I never mentioned this to my siblings till the incident with my mother. I thought my assumption was wrong, but now I know that I was right.
What was my hypothesis? I knew that my father was going to pick up this woman once again and take her with us to Berkeley. This time, I had friends going back to Berkeley with me. My roommate and my other friends are fluent in Khmer and so they could understand the words that I don’t understand myself. During the car ride, my roommate was able to catch the woman say something on the lines of, “[my mother] doesn’t know how to keep her man happy”. My father agrees and goes along with whatever she says. My friends thought she was very annoying; a high maintenance woman.
My father decided to make an unsuspected stop to my uncle and aunt in Oakland. I couldn’t believe he brought my friends and I here with this woman.
When we entered the house, my aunt jokingly stated that my friends were this woman’s children. My friends were very offended because they looked nothing like this woman. My friends are technically Chinese, but were born and raised in Cambodia. This lady had no right to accept such compliments about her because they weren’t close to even being true.
When we were in the car, she acted proud and mighty and told my father how she received a compliment for having two beautiful daughters. My roommate was sick to her stomach.
When we began our trip back to Berkeley, my father decided to make a stop at a Cambodian store because this woman wanted to buy snacks. She was already short and beyond plump, but she wanted some snacks.
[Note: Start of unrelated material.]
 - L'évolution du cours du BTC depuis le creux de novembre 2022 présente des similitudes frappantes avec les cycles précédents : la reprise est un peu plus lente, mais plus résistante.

In the store, I saw my dad and this woman flirt with one another and it felt like a dagger in my heart because all I could really think about was my mother and the pain she want through in the morning. I became enraged. I had the perfect shot to throw a can fruit at her and a jar at my father, but my friends stopped me. I even had a knife in my hand, but my friends told me to put it down. I almost lost it. I was overwhelmed with pain. Pain for my mother, my siblings, and for myself. I just began to hate my life once again.
When we arrived to my place finally, I left without saying a word of gratitude and I went inside. If I were to say something, I would tell my father once again how much I hated him.
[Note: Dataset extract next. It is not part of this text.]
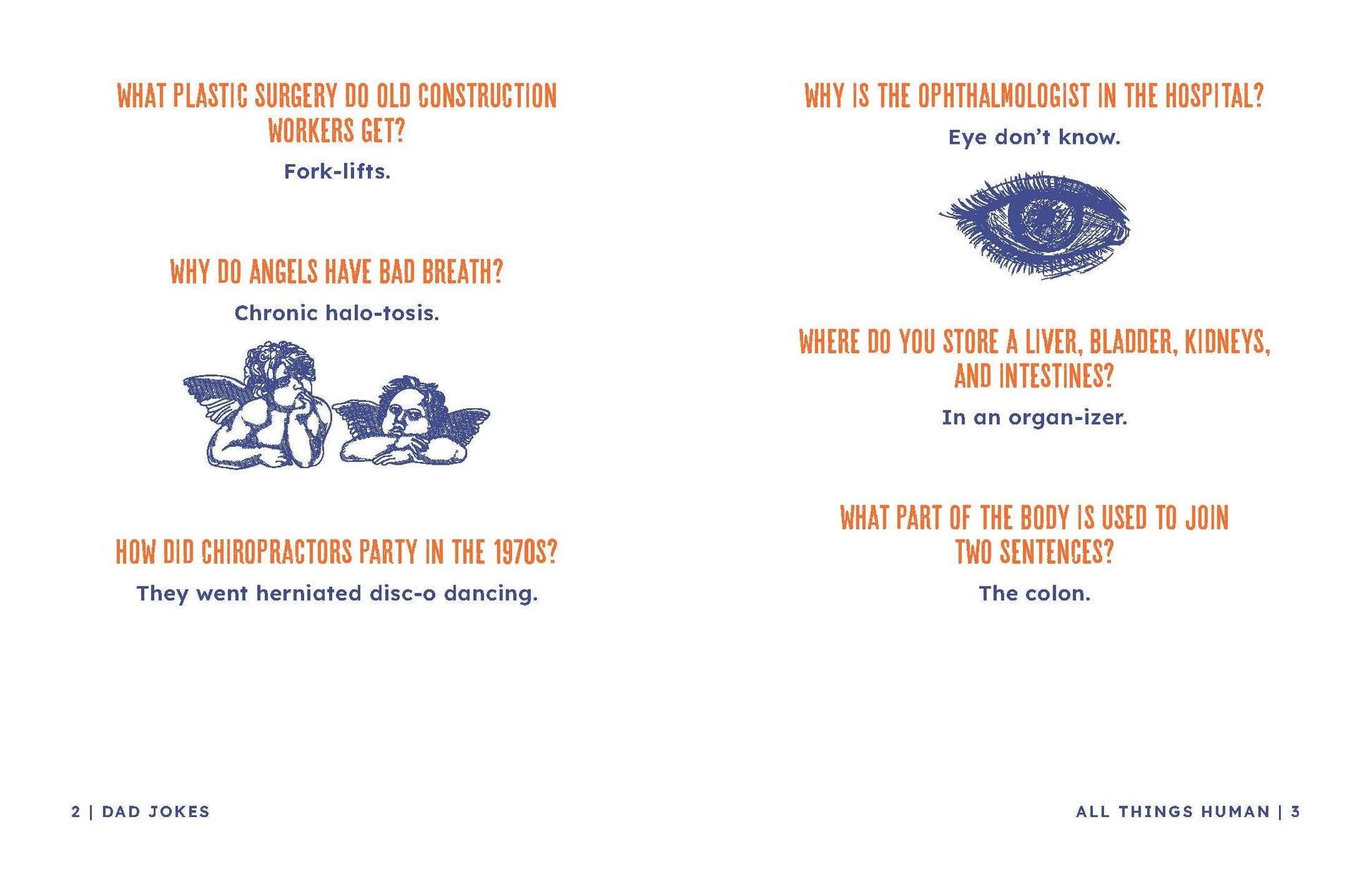 The ultimate collection of awfully hilarious jokes that will have your stomach crunching from nonstop laughter. The best eye-rolling, corny punch lines and gags all in one place! This assemblage of quick-witted puns and equally cringeworthy groaners offers more than 600 quips so bad that they're actually funny. Organized into themes for any occasion, you'll find everything from snappy-yet-terrible one-liners to embarrassing dialogue. It will keep the whole family howling (and begging you to stop) for hours upon end. Paperback book; 5.5 x 7 inches; 192 pages.

Throughout my life, my father has been a non-supportive role model.
My father always thought he was right in any argument. Because he was the man of the family and the breadmaker, he has the right to say anything and what he says, goes.
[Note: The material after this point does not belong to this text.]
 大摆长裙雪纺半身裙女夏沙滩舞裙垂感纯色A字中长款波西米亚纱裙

When I was first applying to college, my father was against me going. He said he didn’t have the money to pay for college, even though he knew that I would be the one taking out the loans. When I wanted to go to Stanford because of their low-income program where they would pay for all four years, he refused to pay for my application fee. When I decided to apply to San Jose State because I wanted to attend there to save money, he told me again, no.
My father never supports me when it comes to me living my own life.
In my last year of high school, I directed two-one act plays in the fall and a full-length play in the spring, and yet he never showed up.
I was part of the We The People competition and helped make it to States Final and yet, nothing.
I was a part of our community, San Jose, and yet nothing to be proud of.
My father to me is just another person; a stranger that walks pass me, never taking a glance at who I am or who I could be.
I am nothing in his eyes. I feel like nothing because of him.
But in reality, I see nothing worth looking at when he walks pass me. I guess I inherited that part from him.
As of today, I disown my father's surname and accept my mother's mother's surname.
This is my mini story and my mini update.